THE TASK |
Every line below between the one holding "協定を締結した、スポーツクラブ各社の代表者と市長" and the one holding "本市では、市民が健やかで幸せ", inclusive, should be copied exactly, and no other line.

RECORDS FOR THIS EXERCISE |
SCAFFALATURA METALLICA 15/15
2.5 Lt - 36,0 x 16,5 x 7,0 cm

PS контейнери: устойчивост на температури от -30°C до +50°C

* * *

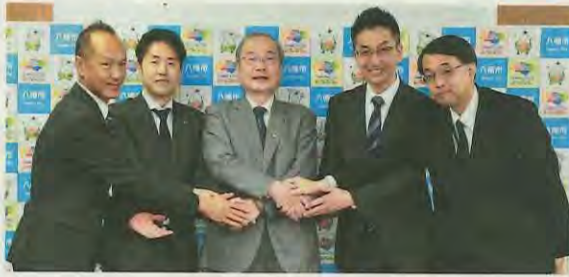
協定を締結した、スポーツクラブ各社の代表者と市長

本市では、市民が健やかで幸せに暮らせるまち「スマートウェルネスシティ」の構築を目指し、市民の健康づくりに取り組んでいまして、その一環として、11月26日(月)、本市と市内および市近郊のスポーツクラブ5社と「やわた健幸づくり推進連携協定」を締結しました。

TASK RESULT |
協定を締結した、スポーツクラブ各社の代表者と市長

本市では、市民が健やかで幸せに暮らせるまち「スマートウェルネスシティ」の構築を目指し、市民の健康づくりに取り組んでいまして、その一環として、11月26日(月)、本市と市内および市近郊のスポーツクラブ5社と「やわた健幸づくり推進連携協定」を締結しました。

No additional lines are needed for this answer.